Source material:
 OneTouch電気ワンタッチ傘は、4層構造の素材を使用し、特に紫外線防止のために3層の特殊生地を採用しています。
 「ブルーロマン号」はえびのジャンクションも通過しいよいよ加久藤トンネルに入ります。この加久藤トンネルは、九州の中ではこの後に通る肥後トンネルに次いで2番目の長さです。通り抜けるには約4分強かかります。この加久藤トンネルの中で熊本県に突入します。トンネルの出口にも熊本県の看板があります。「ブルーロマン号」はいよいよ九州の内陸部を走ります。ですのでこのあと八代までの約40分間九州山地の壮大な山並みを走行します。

* * *

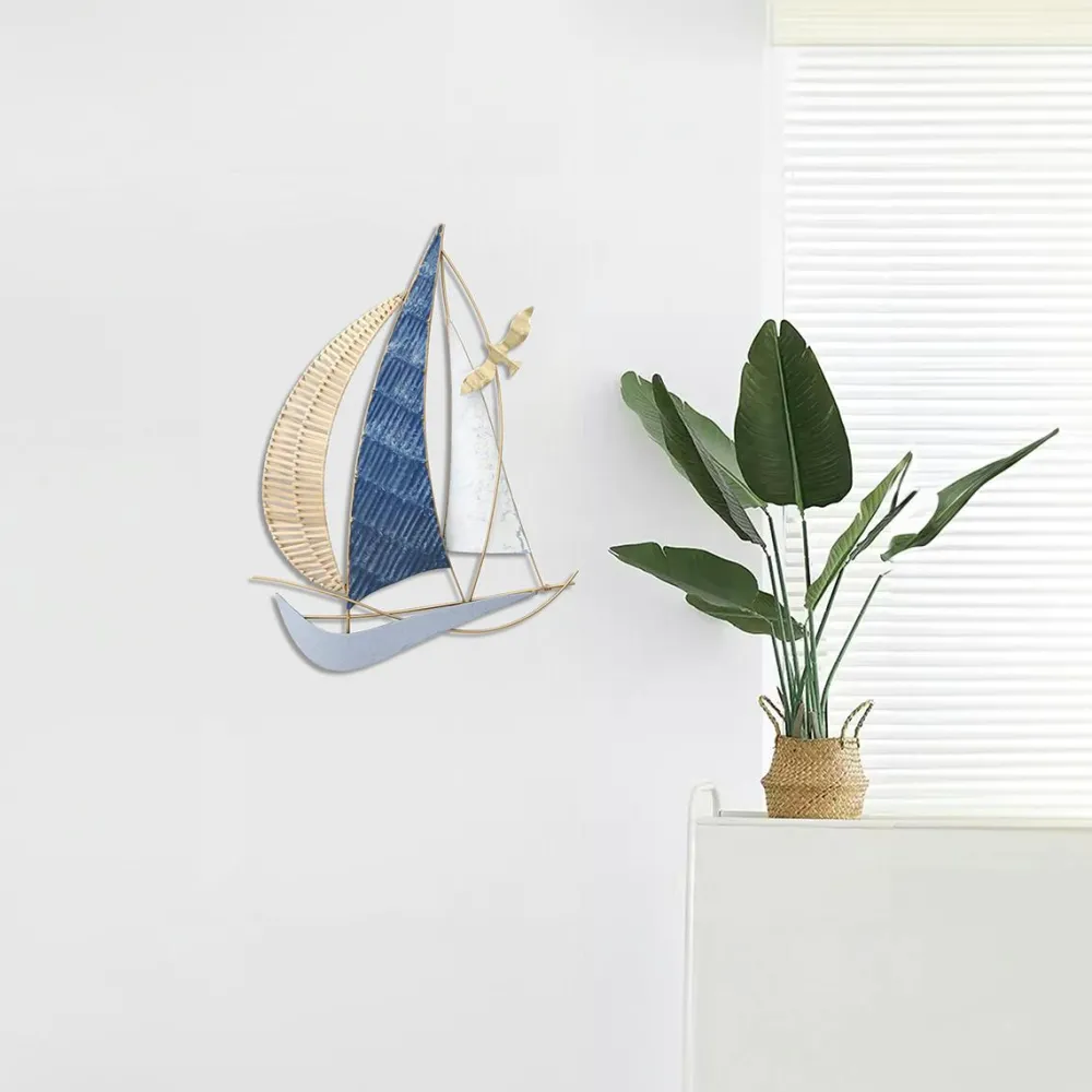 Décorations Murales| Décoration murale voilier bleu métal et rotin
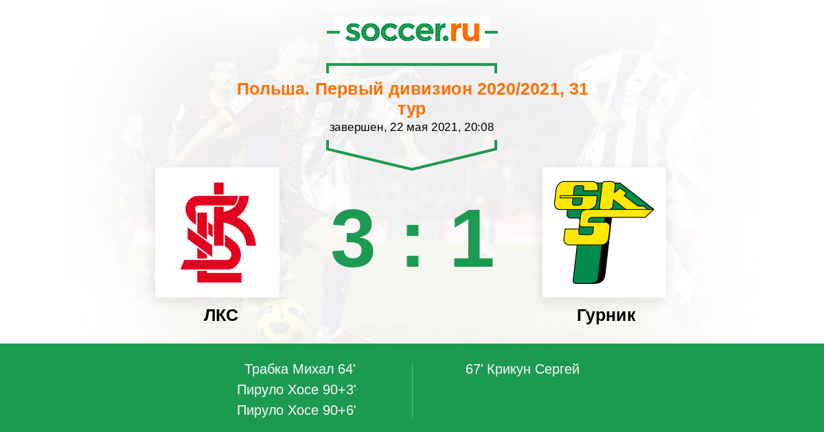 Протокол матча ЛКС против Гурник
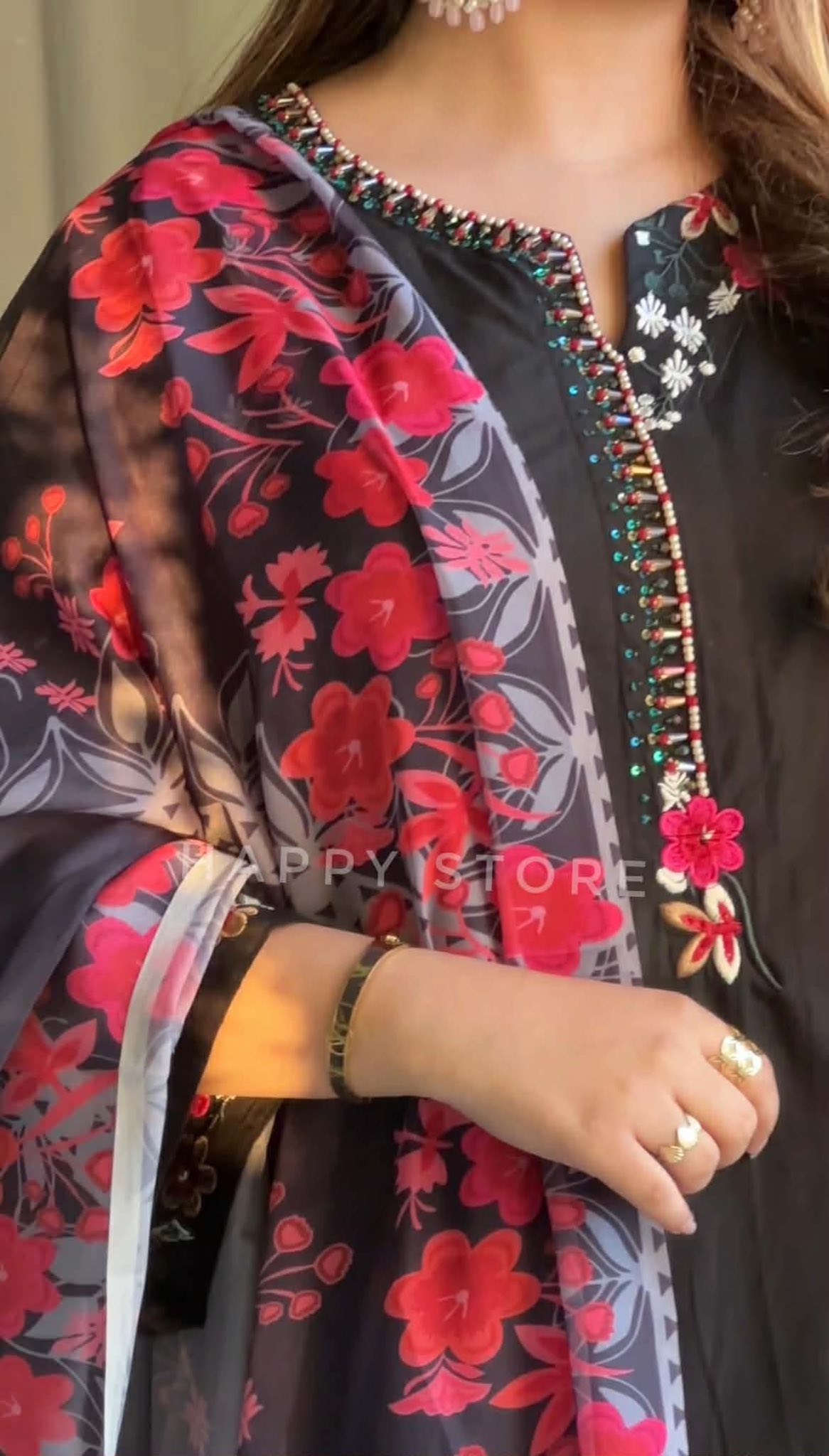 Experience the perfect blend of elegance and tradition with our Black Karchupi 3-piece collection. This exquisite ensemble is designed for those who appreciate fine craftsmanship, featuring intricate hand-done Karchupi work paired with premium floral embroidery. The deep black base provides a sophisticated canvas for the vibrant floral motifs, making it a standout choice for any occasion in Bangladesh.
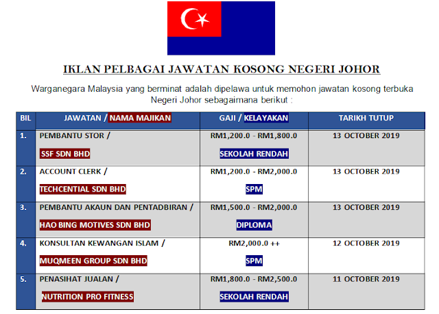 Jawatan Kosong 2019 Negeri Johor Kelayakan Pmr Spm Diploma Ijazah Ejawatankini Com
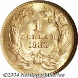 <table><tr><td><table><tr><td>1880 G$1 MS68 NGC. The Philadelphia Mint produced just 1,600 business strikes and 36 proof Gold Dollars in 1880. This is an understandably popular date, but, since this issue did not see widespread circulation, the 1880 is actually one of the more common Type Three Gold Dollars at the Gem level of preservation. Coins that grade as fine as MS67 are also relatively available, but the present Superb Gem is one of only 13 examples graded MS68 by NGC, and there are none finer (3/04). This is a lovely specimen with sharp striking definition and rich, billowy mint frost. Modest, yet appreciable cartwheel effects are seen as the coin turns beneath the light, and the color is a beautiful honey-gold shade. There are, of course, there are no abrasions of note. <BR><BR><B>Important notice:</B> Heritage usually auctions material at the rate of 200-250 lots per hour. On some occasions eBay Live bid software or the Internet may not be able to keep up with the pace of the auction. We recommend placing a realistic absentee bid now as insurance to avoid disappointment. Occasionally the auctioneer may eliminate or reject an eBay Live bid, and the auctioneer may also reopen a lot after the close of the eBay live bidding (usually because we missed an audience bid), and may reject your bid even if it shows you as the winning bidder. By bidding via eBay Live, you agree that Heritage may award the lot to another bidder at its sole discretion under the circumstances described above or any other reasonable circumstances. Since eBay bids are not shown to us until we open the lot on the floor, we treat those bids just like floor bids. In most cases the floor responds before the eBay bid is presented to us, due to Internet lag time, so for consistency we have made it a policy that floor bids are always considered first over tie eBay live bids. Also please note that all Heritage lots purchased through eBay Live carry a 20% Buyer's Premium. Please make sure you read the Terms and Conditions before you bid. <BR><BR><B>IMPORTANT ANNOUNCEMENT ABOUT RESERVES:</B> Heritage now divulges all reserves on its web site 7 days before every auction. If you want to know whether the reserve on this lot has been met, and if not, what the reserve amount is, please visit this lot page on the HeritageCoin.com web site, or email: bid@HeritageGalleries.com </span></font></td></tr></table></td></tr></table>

---

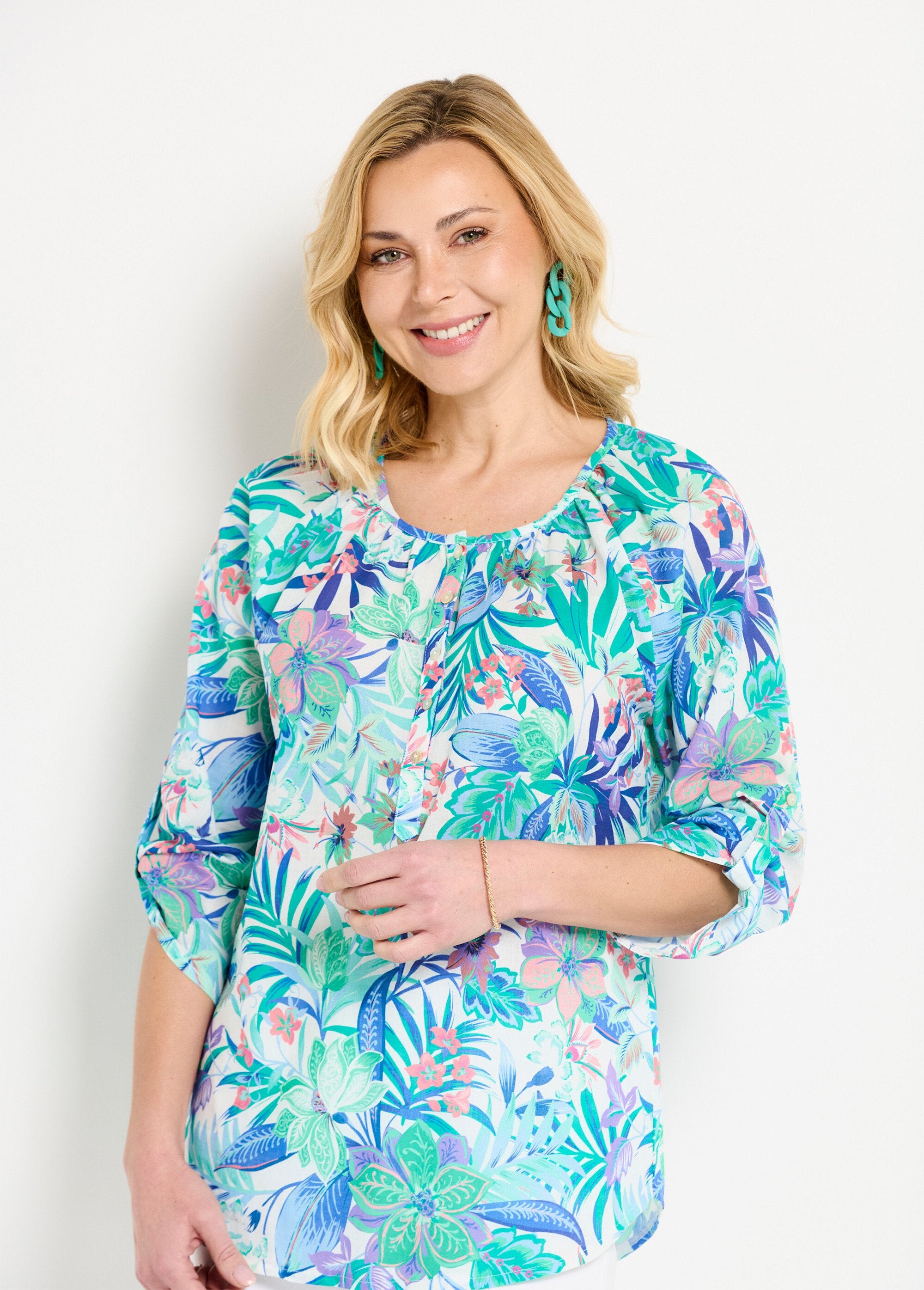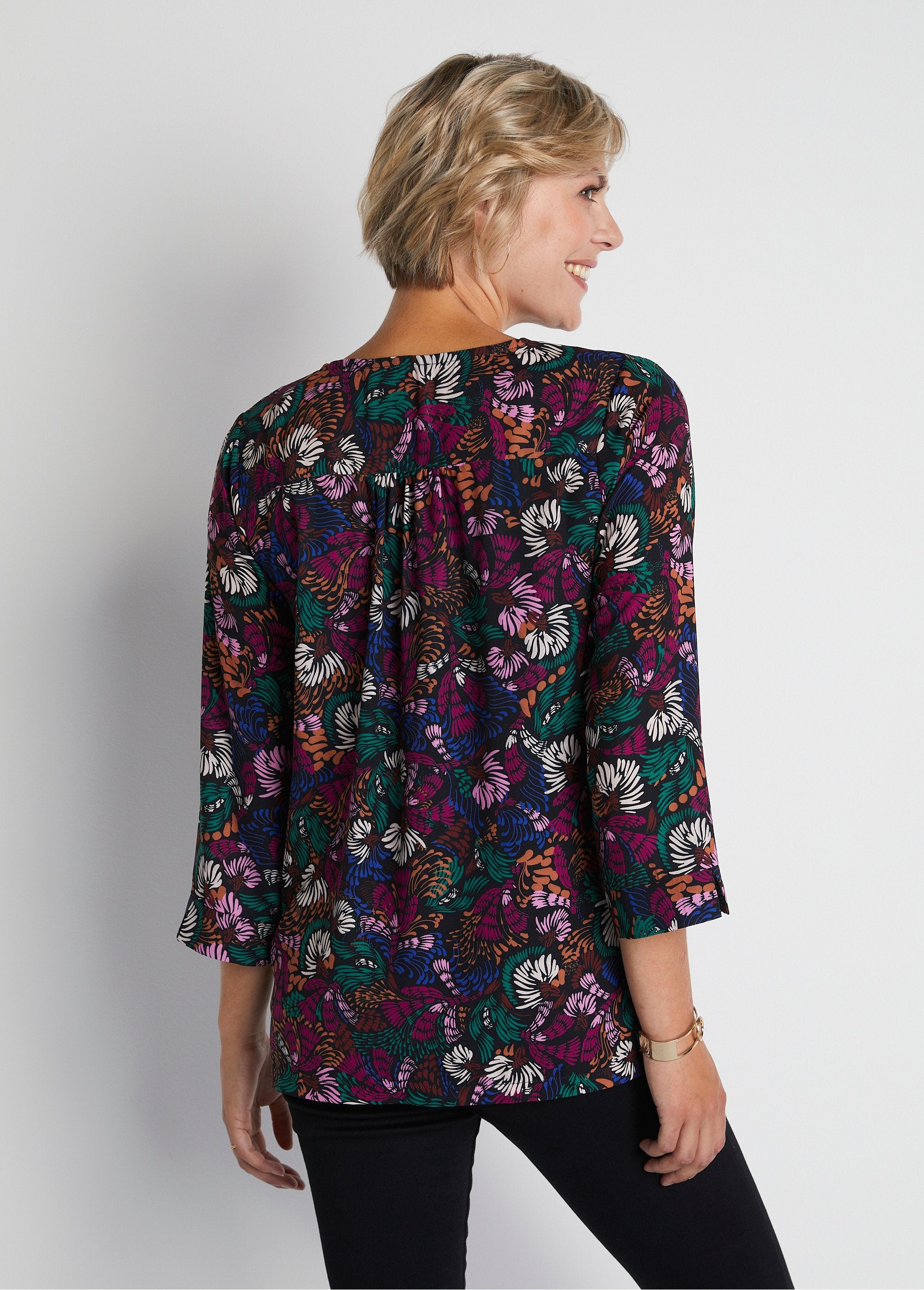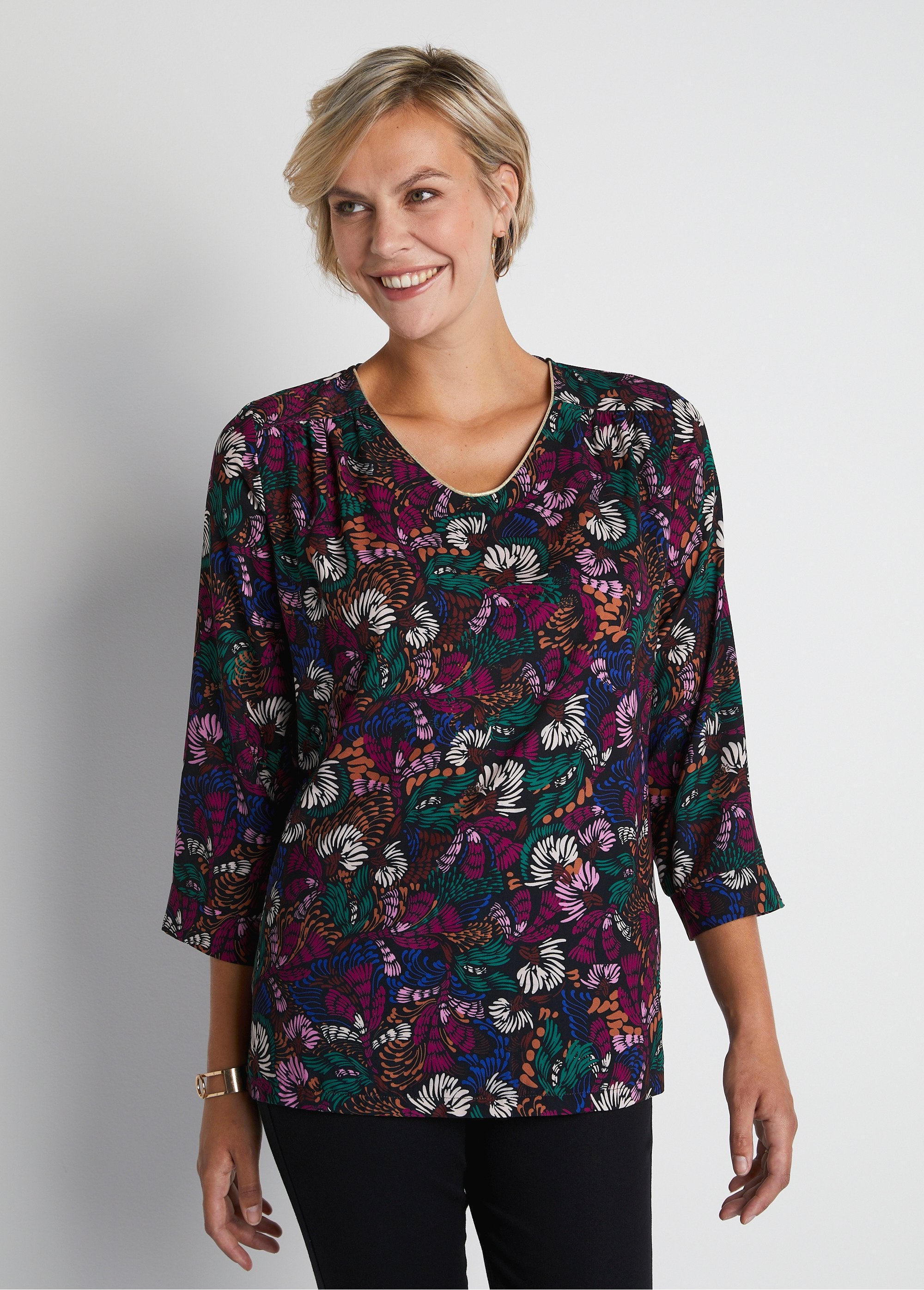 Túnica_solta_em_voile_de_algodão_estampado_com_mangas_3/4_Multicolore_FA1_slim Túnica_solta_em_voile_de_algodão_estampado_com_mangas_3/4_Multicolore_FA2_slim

Work task: Everything from the line with "Décorations Murales| Décoration" down to the line with "Jawatan Kosong 2019" in the data above should be copied exactly, with both end lines kept and the pictures left out.

Answer to this exercise:
 Décorations Murales| Décoration murale voilier bleu métal et rotin
 Протокол матча ЛКС против Гурник
 Experience the perfect blend of elegance and tradition with our Black Karchupi 3-piece collection. This exquisite ensemble is designed for those who appreciate fine craftsmanship, featuring intricate hand-done Karchupi work paired with premium floral embroidery. The deep black base provides a sophisticated canvas for the vibrant floral motifs, making it a standout choice for any occasion in Bangladesh.
 Jawatan Kosong 2019 Negeri Johor Kelayakan Pmr Spm Diploma Ijazah Ejawatankini Com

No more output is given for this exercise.